For me, going home isn’t so bad. I am lucky enough to have a space of my own at home, separated from my parents, both of whom have health issues that make the coronavirus even more threatening.

I can be with them when I want to, and I have the ability to take a break from them as well. I love my family, but let’s face it, like most families, they can be pretty irritating sometimes.

But for many others, I know that going home is not so easy, especially for my fellow Terriers who live abroad.

Besides the financial burden of travel, and the risks associated with it during a pandemic, there is a mental toll that comes with a return to home.

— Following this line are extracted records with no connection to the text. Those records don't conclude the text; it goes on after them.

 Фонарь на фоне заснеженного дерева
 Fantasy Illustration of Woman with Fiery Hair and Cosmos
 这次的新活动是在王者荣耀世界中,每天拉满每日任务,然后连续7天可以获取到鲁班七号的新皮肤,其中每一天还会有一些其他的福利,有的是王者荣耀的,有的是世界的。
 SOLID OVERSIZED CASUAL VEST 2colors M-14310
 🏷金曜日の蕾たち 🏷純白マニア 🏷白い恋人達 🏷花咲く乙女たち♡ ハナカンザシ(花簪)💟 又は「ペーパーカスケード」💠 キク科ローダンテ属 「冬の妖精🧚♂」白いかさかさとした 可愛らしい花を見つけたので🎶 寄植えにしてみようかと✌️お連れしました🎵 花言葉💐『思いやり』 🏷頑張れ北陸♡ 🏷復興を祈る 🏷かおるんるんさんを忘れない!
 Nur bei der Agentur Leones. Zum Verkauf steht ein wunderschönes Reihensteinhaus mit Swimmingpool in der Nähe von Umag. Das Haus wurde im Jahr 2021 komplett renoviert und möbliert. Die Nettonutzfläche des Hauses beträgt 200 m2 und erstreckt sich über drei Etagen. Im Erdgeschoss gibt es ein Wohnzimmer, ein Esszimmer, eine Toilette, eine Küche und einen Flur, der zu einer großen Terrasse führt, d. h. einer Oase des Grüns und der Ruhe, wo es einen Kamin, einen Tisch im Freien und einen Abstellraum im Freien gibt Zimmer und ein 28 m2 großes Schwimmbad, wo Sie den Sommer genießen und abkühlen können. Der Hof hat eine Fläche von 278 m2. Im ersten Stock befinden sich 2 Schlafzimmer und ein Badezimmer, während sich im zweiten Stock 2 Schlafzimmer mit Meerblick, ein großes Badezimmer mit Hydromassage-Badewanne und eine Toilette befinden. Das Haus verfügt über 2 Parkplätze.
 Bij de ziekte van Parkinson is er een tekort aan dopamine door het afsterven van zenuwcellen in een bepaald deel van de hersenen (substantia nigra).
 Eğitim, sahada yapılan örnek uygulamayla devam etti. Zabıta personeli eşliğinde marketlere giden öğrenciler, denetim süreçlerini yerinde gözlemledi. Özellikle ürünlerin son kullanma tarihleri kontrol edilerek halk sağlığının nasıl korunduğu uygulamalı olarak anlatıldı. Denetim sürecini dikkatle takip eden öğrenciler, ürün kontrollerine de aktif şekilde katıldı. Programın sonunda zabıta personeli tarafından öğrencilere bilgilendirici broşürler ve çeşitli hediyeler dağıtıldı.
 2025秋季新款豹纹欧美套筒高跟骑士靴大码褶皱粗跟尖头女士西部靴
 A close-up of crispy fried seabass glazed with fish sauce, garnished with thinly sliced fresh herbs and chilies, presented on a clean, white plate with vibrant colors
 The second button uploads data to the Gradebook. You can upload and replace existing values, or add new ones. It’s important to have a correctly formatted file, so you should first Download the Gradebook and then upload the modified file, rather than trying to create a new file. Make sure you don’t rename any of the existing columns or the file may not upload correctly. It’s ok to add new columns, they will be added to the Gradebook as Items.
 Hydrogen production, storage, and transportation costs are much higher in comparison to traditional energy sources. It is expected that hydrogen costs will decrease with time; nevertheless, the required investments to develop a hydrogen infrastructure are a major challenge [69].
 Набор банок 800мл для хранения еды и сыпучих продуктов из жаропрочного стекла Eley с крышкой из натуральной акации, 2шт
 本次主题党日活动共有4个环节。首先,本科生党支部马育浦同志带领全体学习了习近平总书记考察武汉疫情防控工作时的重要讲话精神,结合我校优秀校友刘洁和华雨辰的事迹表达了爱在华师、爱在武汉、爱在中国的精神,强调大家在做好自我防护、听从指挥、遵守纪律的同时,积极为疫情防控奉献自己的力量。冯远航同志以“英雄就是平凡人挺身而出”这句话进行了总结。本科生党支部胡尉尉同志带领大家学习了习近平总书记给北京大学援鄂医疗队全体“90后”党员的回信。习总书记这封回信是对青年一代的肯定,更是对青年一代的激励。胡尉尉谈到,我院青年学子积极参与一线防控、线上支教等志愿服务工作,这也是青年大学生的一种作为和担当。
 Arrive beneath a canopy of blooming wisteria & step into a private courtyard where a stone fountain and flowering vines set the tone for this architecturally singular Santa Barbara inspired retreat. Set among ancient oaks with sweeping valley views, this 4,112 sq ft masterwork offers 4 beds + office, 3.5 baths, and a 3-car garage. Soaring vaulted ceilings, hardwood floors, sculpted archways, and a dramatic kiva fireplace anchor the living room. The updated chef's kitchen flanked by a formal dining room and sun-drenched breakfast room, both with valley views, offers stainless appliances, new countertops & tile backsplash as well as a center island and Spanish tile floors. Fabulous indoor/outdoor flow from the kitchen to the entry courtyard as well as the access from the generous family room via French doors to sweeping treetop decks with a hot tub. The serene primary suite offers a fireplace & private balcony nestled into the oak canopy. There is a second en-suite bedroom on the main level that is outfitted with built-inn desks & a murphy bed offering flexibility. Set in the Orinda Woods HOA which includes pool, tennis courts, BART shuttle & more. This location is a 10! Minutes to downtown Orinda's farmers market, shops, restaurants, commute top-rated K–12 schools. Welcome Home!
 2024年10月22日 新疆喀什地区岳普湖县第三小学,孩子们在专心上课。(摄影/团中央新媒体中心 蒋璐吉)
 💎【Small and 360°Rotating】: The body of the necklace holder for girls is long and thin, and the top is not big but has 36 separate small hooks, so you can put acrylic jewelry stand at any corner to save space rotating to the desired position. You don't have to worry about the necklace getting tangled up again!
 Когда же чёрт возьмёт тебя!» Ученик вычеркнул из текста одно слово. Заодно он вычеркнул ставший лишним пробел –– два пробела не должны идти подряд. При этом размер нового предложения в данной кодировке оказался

Not long ago, we were all stuck at home for more than six months during quarantine—I doubt that any of us have forgotten that.

For many, the retreat from Wofford means walking into familial conflicts, isolation, economic hardship or potentially unsafe situations. It means sacrificing your mental health just to have a break from classes.

Everyone’s holiday experiences are different, but this year, everyone’s holiday experiences will be different. Not only are we navigating the normal holiday stress, but we will be reckoning with everything 2020 has to offer, all while being stuck at home in order to protect ourselves and others from the coronavirus.

I know everyone feels this too. It’s a little scary, and a lot to think about. Even for those who don’t feel welcome or at home at Wofford (as seen in the testimonies from @blackatwofford) that doesn’t mean that going home is any easier. Maybe it is, maybe it isn’t; everyone’s experiences are different.

As we prepare for our final days of our first semester, let’s work together to focus on the one shining light at the end of the tunnel: when we come back to school in January, 2020 will be over.

With a new year comes a fresh start and a resurgence of hope. That does not mean that the fight for racial justice is slowing down anytime soon, or that COVID-19 is going to disappear when the ball drops on New Year’s Eve. But hopefully it gives us a chance to reflect on what we have learned this year, and what we can do to fix in the future.

2020 is a lesson, and 2021 gives us a new year to show what we’ve learned.